DATA BLOCK:
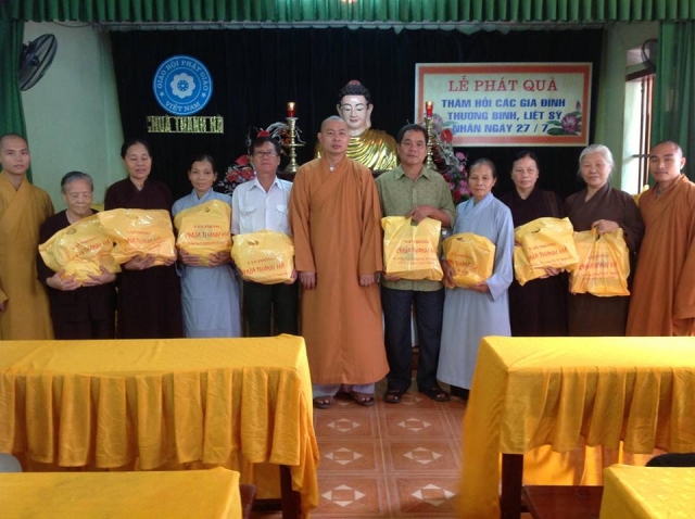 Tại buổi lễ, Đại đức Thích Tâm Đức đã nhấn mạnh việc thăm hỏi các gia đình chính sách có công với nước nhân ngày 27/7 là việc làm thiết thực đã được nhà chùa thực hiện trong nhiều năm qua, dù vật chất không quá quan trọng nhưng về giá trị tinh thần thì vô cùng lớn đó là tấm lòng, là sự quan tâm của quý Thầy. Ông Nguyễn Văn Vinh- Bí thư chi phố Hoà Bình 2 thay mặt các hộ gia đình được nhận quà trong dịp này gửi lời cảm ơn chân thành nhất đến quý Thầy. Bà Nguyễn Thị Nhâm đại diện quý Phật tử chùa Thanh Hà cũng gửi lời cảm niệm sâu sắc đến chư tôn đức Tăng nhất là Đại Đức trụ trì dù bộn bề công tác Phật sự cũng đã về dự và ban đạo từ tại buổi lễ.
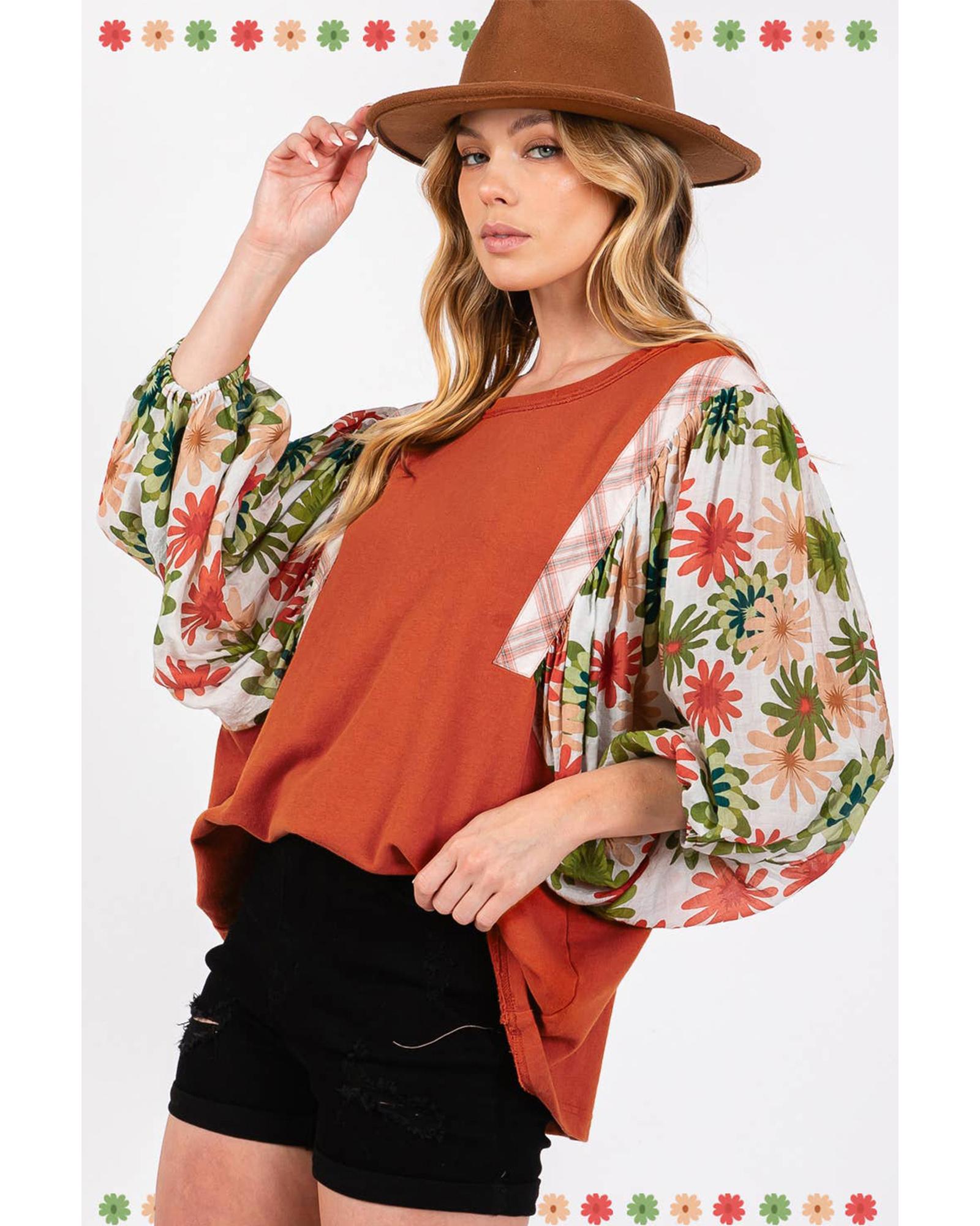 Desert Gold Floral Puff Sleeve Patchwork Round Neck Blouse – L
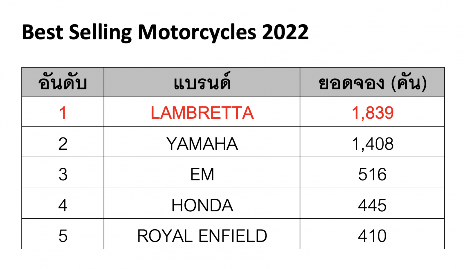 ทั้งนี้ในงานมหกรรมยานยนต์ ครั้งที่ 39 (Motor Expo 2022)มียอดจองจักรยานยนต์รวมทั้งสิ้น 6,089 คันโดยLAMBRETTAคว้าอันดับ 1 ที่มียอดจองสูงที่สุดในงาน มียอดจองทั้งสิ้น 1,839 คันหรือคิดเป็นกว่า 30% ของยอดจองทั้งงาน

WHAT IS REQUIRED:
Could the material above be written out again word for word, with the pictures dropped?

RESPONSE BELOW:
 Tại buổi lễ, Đại đức Thích Tâm Đức đã nhấn mạnh việc thăm hỏi các gia đình chính sách có công với nước nhân ngày 27/7 là việc làm thiết thực đã được nhà chùa thực hiện trong nhiều năm qua, dù vật chất không quá quan trọng nhưng về giá trị tinh thần thì vô cùng lớn đó là tấm lòng, là sự quan tâm của quý Thầy. Ông Nguyễn Văn Vinh- Bí thư chi phố Hoà Bình 2 thay mặt các hộ gia đình được nhận quà trong dịp này gửi lời cảm ơn chân thành nhất đến quý Thầy. Bà Nguyễn Thị Nhâm đại diện quý Phật tử chùa Thanh Hà cũng gửi lời cảm niệm sâu sắc đến chư tôn đức Tăng nhất là Đại Đức trụ trì dù bộn bề công tác Phật sự cũng đã về dự và ban đạo từ tại buổi lễ.
 Desert Gold Floral Puff Sleeve Patchwork Round Neck Blouse – L
 ทั้งนี้ในงานมหกรรมยานยนต์ ครั้งที่ 39 (Motor Expo 2022)มียอดจองจักรยานยนต์รวมทั้งสิ้น 6,089 คันโดยLAMBRETTAคว้าอันดับ 1 ที่มียอดจองสูงที่สุดในงาน มียอดจองทั้งสิ้น 1,839 คันหรือคิดเป็นกว่า 30% ของยอดจองทั้งงาน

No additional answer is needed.